● **Aim of the exercise**:
All that is needed is the line containing "Биткоин зафиксировал первое" and the lines after it to the end of the material, written out exactly, pictures left aside.

● **Provided data**:
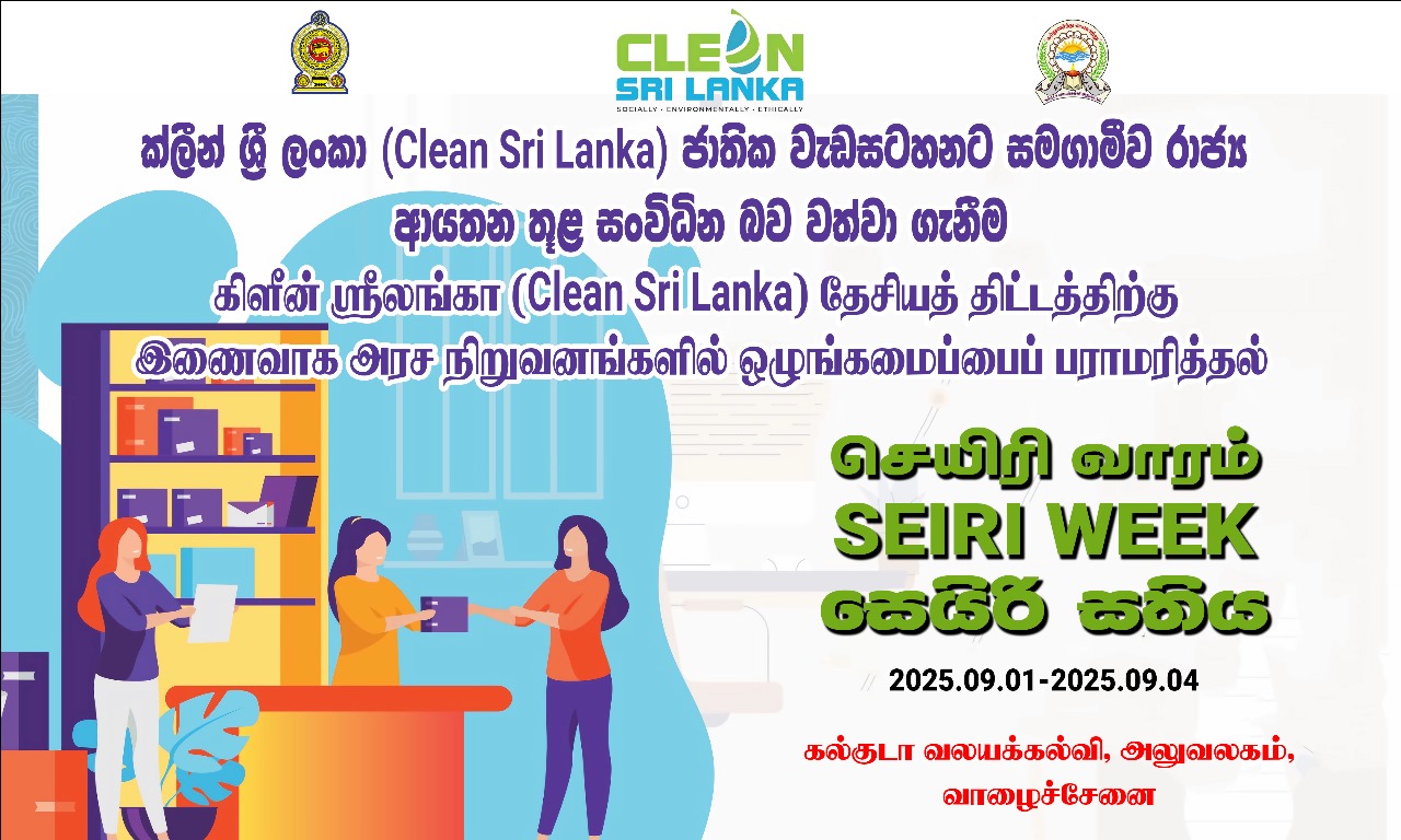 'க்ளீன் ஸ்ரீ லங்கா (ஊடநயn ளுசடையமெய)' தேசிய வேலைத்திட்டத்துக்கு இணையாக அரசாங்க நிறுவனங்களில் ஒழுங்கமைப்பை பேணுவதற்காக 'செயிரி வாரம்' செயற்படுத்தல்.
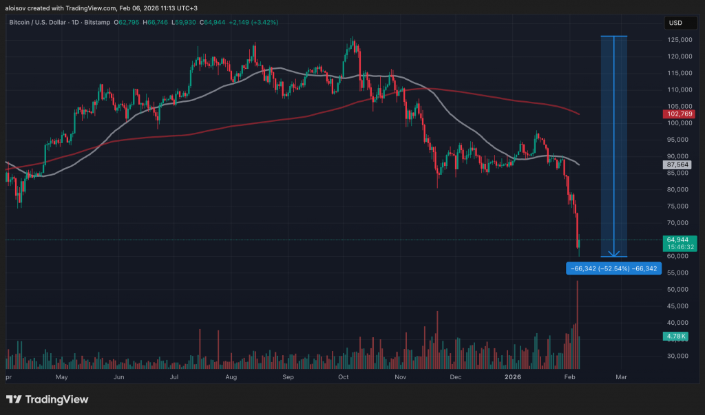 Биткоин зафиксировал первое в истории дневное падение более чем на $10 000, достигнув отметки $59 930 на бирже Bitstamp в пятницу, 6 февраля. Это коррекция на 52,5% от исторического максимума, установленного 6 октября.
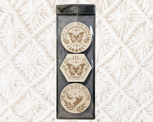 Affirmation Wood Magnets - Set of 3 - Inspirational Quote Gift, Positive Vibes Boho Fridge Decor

● **Final answer**:
 Биткоин зафиксировал первое в истории дневное падение более чем на $10 000, достигнув отметки $59 930 на бирже Bitstamp в пятницу, 6 февраля. Это коррекция на 52,5% от исторического максимума, установленного 6 октября.
 Affirmation Wood Magnets - Set of 3 - Inspirational Quote Gift, Positive Vibes Boho Fridge Decor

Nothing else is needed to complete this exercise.